Information shown below:

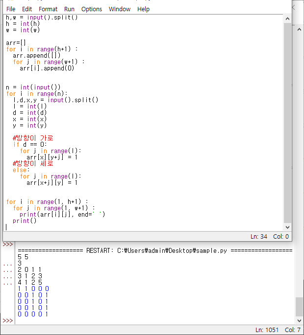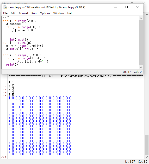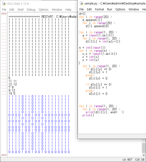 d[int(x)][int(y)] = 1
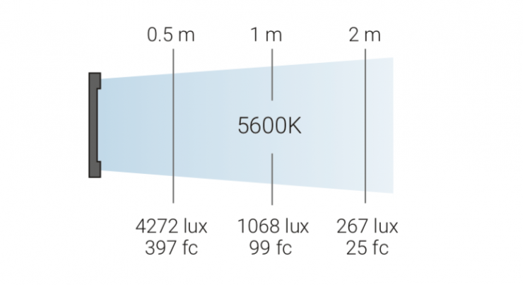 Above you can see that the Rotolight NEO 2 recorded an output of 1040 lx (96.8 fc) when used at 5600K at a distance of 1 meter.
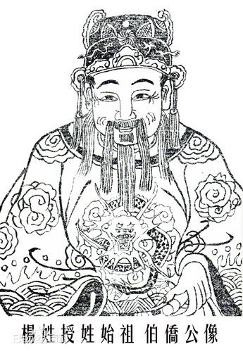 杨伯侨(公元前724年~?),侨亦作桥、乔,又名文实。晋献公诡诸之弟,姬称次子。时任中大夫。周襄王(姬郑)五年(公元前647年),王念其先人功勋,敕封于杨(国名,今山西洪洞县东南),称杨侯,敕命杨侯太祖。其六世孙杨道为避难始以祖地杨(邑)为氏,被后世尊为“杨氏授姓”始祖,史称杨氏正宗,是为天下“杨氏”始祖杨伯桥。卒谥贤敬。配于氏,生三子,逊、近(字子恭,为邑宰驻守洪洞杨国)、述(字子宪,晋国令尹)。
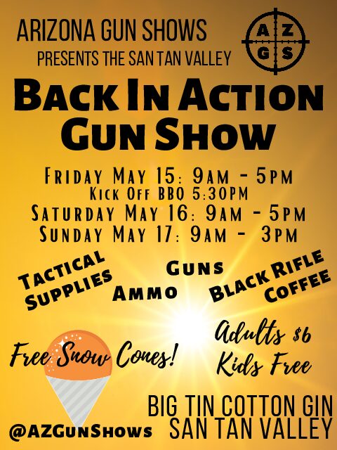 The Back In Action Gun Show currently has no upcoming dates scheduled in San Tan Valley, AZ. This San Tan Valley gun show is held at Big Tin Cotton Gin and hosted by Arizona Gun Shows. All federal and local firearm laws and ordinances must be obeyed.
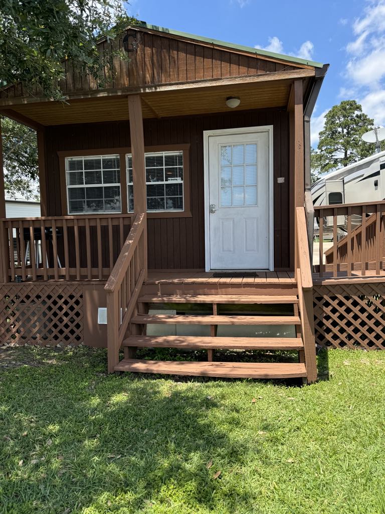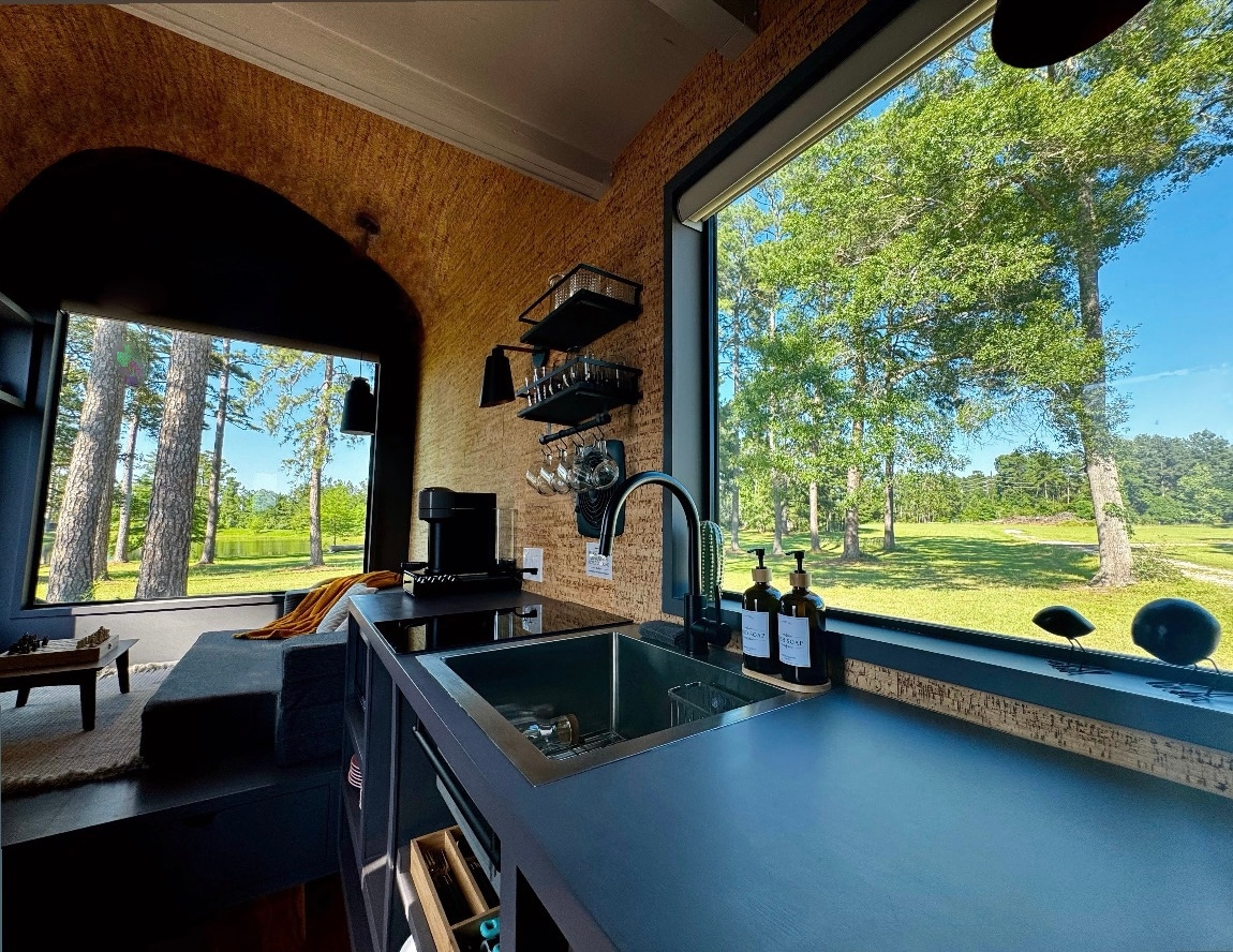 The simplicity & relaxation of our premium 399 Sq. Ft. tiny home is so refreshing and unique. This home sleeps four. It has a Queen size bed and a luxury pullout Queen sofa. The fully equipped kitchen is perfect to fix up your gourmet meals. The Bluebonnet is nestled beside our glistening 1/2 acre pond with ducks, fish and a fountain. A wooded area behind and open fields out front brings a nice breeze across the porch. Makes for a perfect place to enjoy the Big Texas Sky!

End of Information shown.
Information shown below:

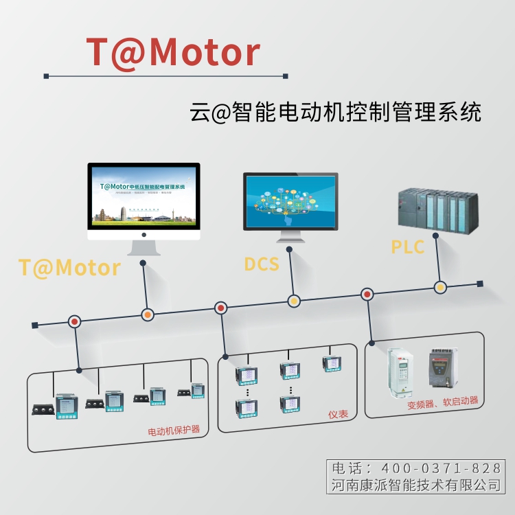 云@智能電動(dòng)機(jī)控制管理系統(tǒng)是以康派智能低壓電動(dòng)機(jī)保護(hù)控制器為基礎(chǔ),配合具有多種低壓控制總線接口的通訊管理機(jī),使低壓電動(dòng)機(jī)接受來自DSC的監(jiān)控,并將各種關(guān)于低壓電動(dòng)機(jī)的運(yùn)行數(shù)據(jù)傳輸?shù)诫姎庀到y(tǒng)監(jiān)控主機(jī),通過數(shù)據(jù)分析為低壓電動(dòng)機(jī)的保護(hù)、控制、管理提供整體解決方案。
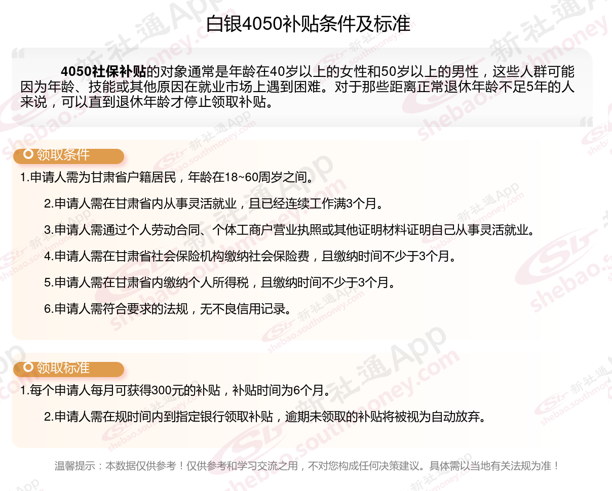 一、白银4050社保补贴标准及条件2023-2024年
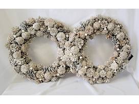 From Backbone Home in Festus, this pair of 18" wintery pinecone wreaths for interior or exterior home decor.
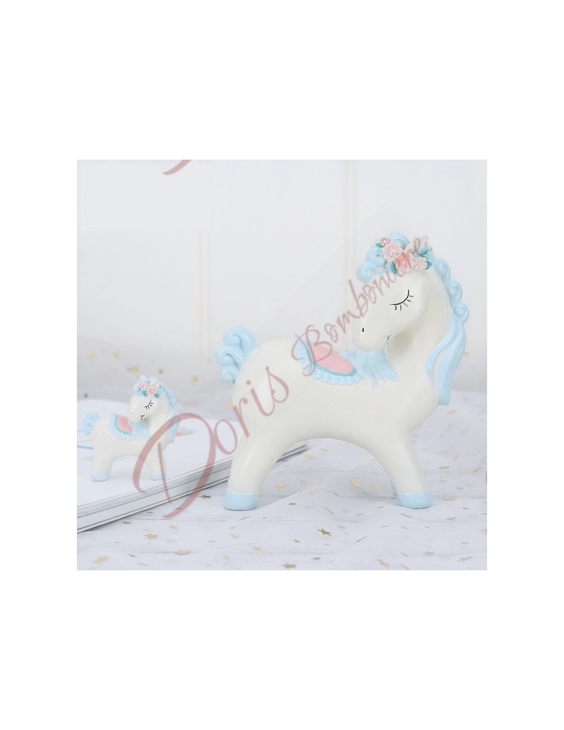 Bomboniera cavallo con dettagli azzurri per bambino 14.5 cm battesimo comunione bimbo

End of Information shown.
Information shown below:

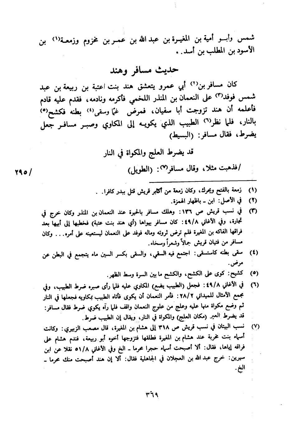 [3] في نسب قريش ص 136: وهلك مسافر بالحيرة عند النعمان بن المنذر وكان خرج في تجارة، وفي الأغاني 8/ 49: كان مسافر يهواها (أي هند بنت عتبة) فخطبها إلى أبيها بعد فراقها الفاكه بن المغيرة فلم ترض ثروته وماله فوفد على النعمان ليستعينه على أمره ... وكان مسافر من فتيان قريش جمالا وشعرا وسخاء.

End of Information shown.

Task description
Go back to the lines above and output, exactly as they stand, the ones from the line containing "The Back In" to the line containing "The simplicity &". Leave all pictures behind.

Reply
 The Back In Action Gun Show currently has no upcoming dates scheduled in San Tan Valley, AZ. This San Tan Valley gun show is held at Big Tin Cotton Gin and hosted by Arizona Gun Shows. All federal and local firearm laws and ordinances must be obeyed.
 The simplicity & relaxation of our premium 399 Sq. Ft. tiny home is so refreshing and unique. This home sleeps four. It has a Queen size bed and a luxury pullout Queen sofa. The fully equipped kitchen is perfect to fix up your gourmet meals. The Bluebonnet is nestled beside our glistening 1/2 acre pond with ducks, fish and a fountain. A wooded area behind and open fields out front brings a nice breeze across the porch. Makes for a perfect place to enjoy the Big Texas Sky!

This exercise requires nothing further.